■ **Dataset section**:
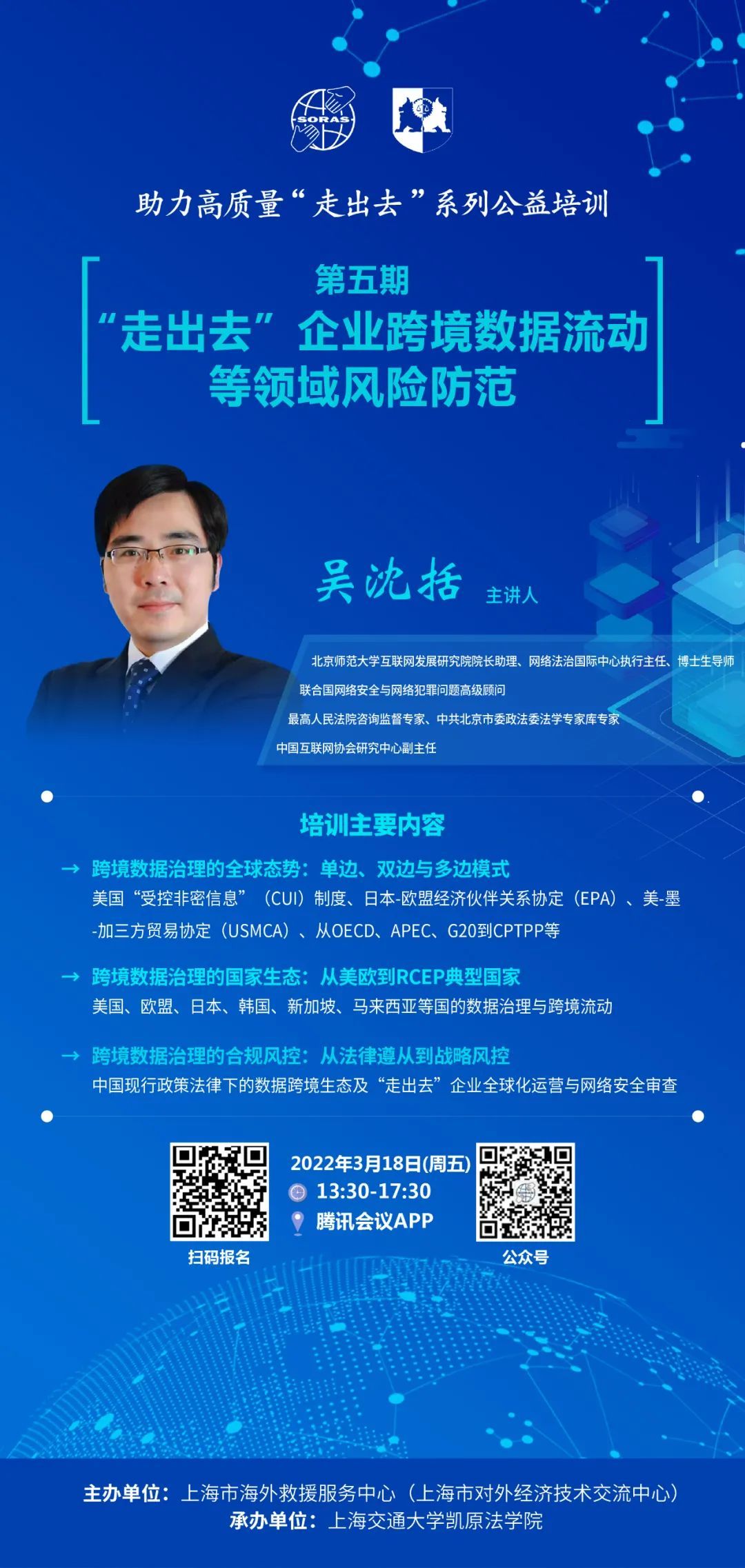 为助力企业在RCEP协定生效的大背景下,在“走出去”过程中进一步做好跨境数据流动等领域风险防范和权益保护,助推国际贸易中心枢纽能级跃升,加快构建新发展格局,在市商务委的支持下,上海市海外救援服务中心(市对外经济技术交流中心)将推出“助力高质量‘走出去’系列公益培训”第五期:“‘走出去’企业跨境数据流动等领域风险防范”培训,更好满足市场主体在“走出去”领域“行稳致远”的服务需求。
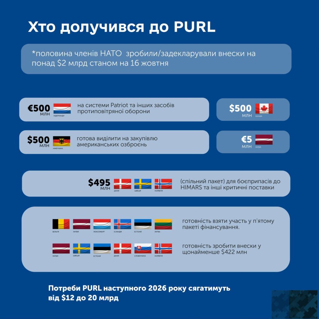 Так зокрема ініціатива PURL дозволяє швидше закривати критичні потреби України – від ППО до артилерійських боєприпасів.
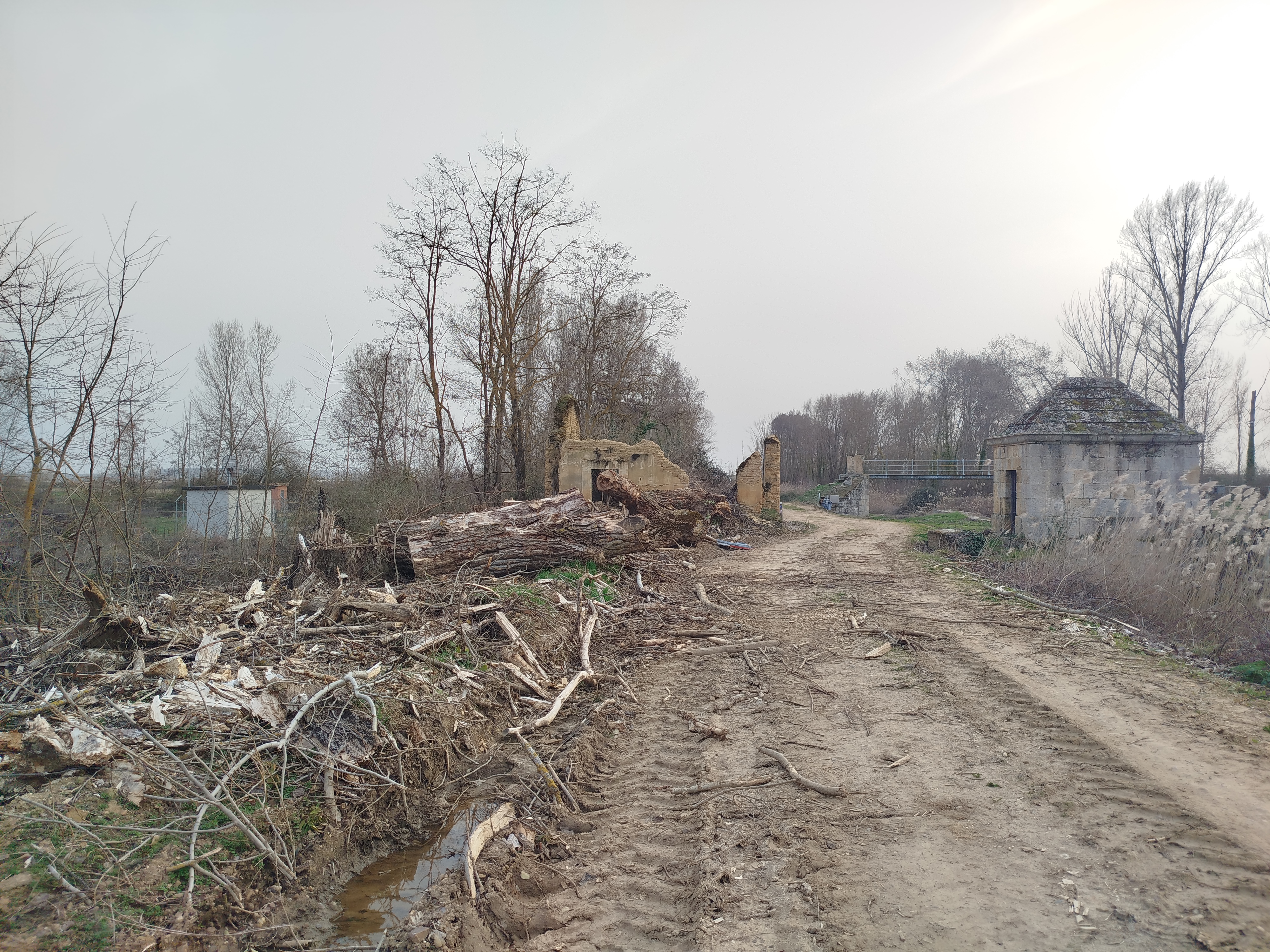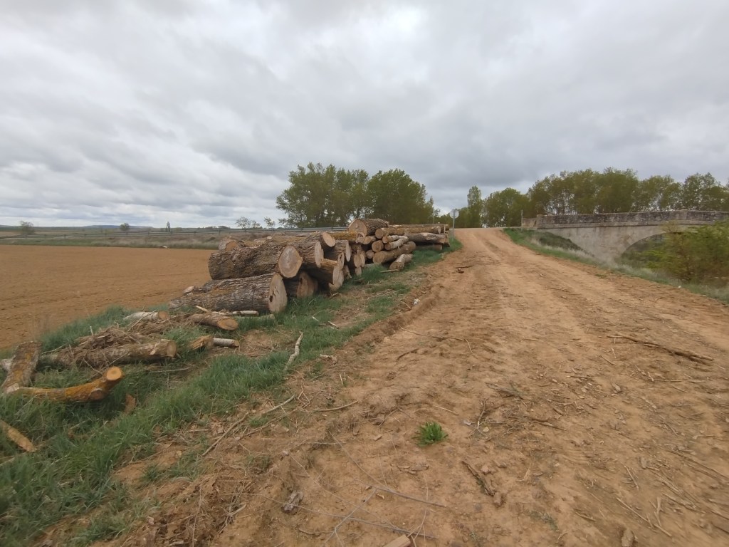Dimos la vuelta sobre el Puente de Valdemudo, para iniciar el camino de regreso hacia Calahorra de Ribas por la margen izquierda del canal y documentar lo que ya apreciamos ya desde la otra orilla, no sin antes recorrer unos metros aún más por el Canal hacia el sur, en dirección hacia el paraje de El Serrón en Grijota, pasando por debajo de la carretera CL-615 (aprovechando que la Diputación de Palencia había instalado un nuevo paso inferior, recuperando de esta manera la continuidad de las parvas o caminos de sirga, como así ha hecho este último año sobre el Puente de las Arcas en Palencia, o el Puente Viejo de Fuentes de Nava, etc.), con la intención de comprobar (sin conocer aún el proyecto que se estaba ejecutando), si esta deforestación continuaba o no. Muy a nuestro pesar, comprobamos que estas tareas se estaban realizando allí también, al otro lado de la carretera, nuevas pilas de troncos se estaban acumulando en terrenos de la margen derecha del Canal, y las cortas seguían realizándose e buen ritmo. Era evidente pues que esto no se iba a detener solo así. Nos sentíamos tan decepcionados de la ejecución de la mala praxis con la que se estaba ejecutando estos trabajos que lo empezamos a ponerlo en conocimiento público, pues muchísima gente es ajena a estas operaciones que los gestores públicos en este caso la CHD acuerdan realizar sin ni siquiera difundirlo a través de los medios de comunicación audiovisuales, obviamente por lo que todos sabemos que consecuencias sociopolíticas conlleva su difusión.

■ **Task**:
The response is to contain exactly the lines from the beginning of the data through the line containing "Так зокрема ініціатива", both ends included, and nothing else; omit the pictures.

■ **Written response**:
 为助力企业在RCEP协定生效的大背景下,在“走出去”过程中进一步做好跨境数据流动等领域风险防范和权益保护,助推国际贸易中心枢纽能级跃升,加快构建新发展格局,在市商务委的支持下,上海市海外救援服务中心(市对外经济技术交流中心)将推出“助力高质量‘走出去’系列公益培训”第五期:“‘走出去’企业跨境数据流动等领域风险防范”培训,更好满足市场主体在“走出去”领域“行稳致远”的服务需求。
 Так зокрема ініціатива PURL дозволяє швидше закривати критичні потреби України – від ППО до артилерійських боєприпасів.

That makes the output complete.